#### INFORMATION PROVIDED:
=== Section Start ===
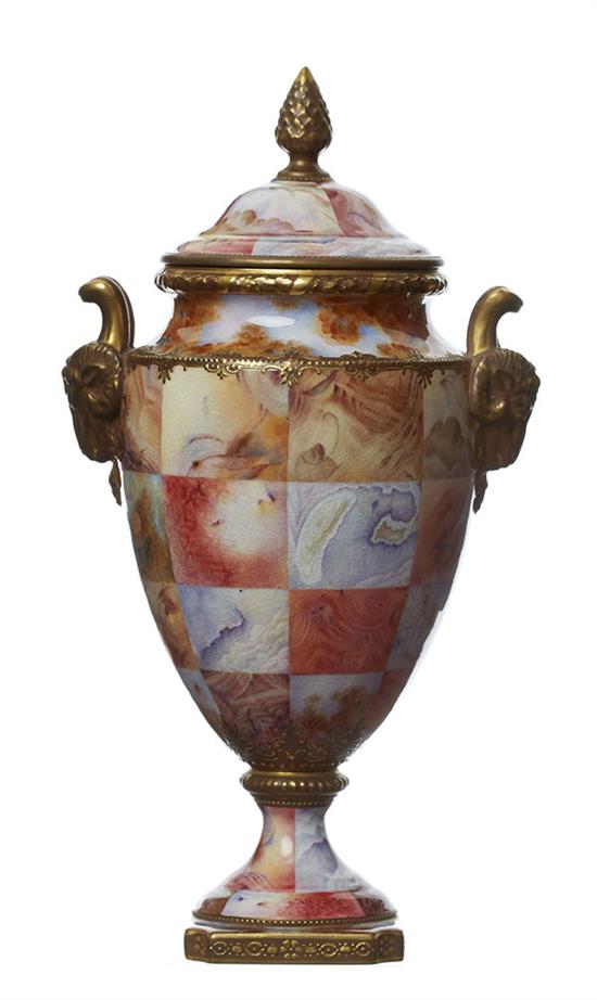 With gilded acorn finial and rams mask handles, painted to an exhibition standard with simulated agate specimen panels framed with gilded and moulded borders, 26.5cm high.
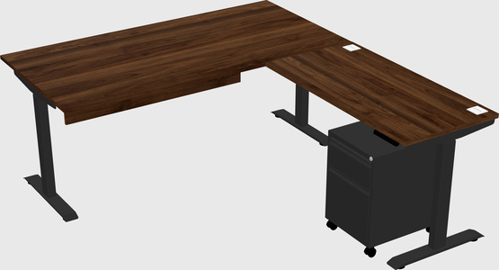 Columbia Walnut Shared L-shaped Office Desk With Metal Mobile Drawers For 2 Persons
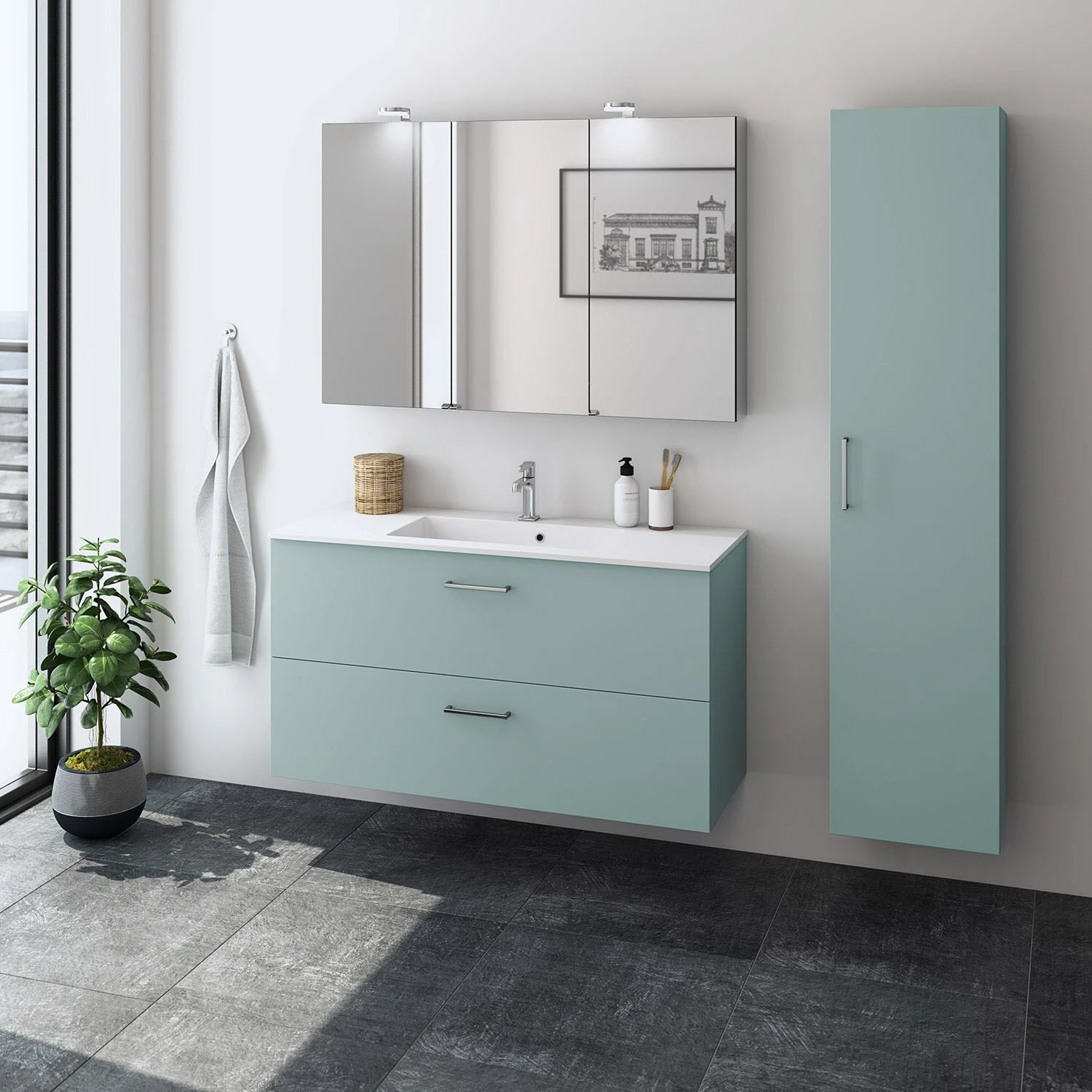 Die Beschreibung der Front- und Korpusfarbe bezieht sich auf den Waschtischunterschrank. Dabei sind „weiß matt“ und „fjordgrün“ immer in lackierter Ausführung.
=== Section End ===
#### PROBLEM DESCRIPTION:
Take the line containing "Columbia Walnut Shared" through the last line of the material and retype exactly those lines, both ends included, with no pictures.

#### WRITTEN RESPONSE:
 Columbia Walnut Shared L-shaped Office Desk With Metal Mobile Drawers For 2 Persons
 Die Beschreibung der Front- und Korpusfarbe bezieht sich auf den Waschtischunterschrank. Dabei sind „weiß matt“ und „fjordgrün“ immer in lackierter Ausführung.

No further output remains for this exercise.